Another solution involves improved disclosures of the real underlying economics, leading to more complete and precise measures of the effects of issuing COCOs — and regular convertibles, for that matter. The added precision will help experts usefully discount the issuer’s stock value to reflect the shift of wealth from shareholders to the bond holders.
As we see it, managers who pursue Quality Financial Reporting will not wait for FASB, but will voluntarily disclose the deals’ underlying economics, not just when they happen, but as long as the bonds and options are outstanding.
Then again, the best practice would be to simply say, “No,” when investment bankers throw out the bait of cheap or free money. Even the simplest among us knows that there is no such thing. Those who fall for this temptation are basically declaring that they think the capital markets are composed of fools. Of course, their actions really proclaim to the world that they themselves are, at best, foolish — or, at worst, deliberately deceitful. In either case, the consequence must be a discounted stock price, not a higher one.

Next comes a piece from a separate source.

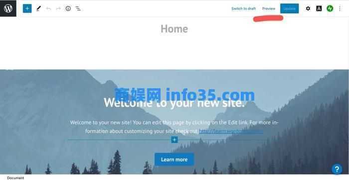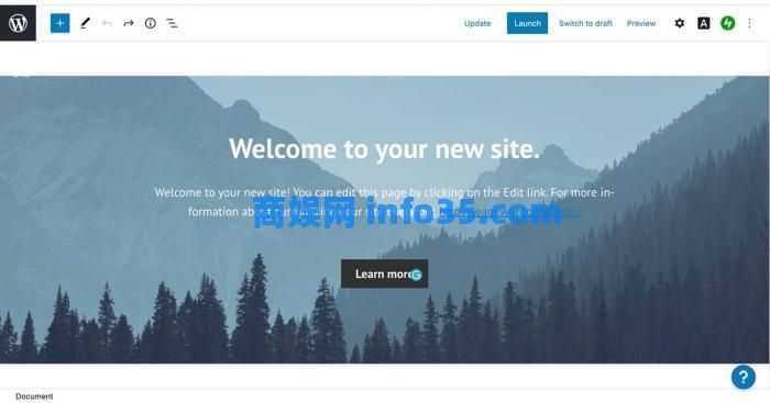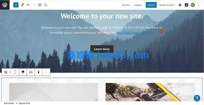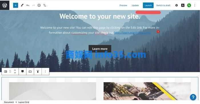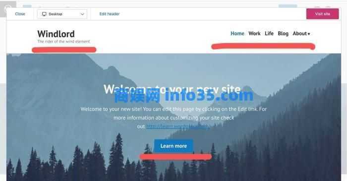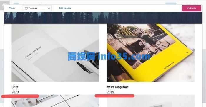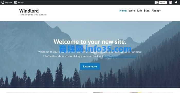 除了主题图片可以进行编辑以外,网页下拉后是博客的最新更新示例。事实上,就一个网站而言,这些内容显得太少了,就像个博客的主页一般。不过WordPress是靠博客起家的,有这个毛病也无可厚非。

So, there we have it again — an argument in favor of telling the truth that relies on economic reasoning, not ethics. We continue to wonder how long it’s going to take for this idea to catch on. The delay can’t be blamed on us. It rests squarely on accountants, standard-setters and investment bankers who feed heaping bowls of COCO-Puff accounting to the capital markets as though they consist of only gullible investors who gobble down every artificially sweetened financial statement, blissfully ignorant of the empty calories, slavishly believing that everything is fine as long as management complies with the minutiae contained within GAAP.
Frankly, we’ve grown quite tired of that kind of arrogant behavior. The passivity of auditors, standard-setters and regulators is equally aggravating. We hope that you can see the need for a revolution as clearly as we do. It’s long past time for financial reports to be healthy and nutritious, instead of junk food.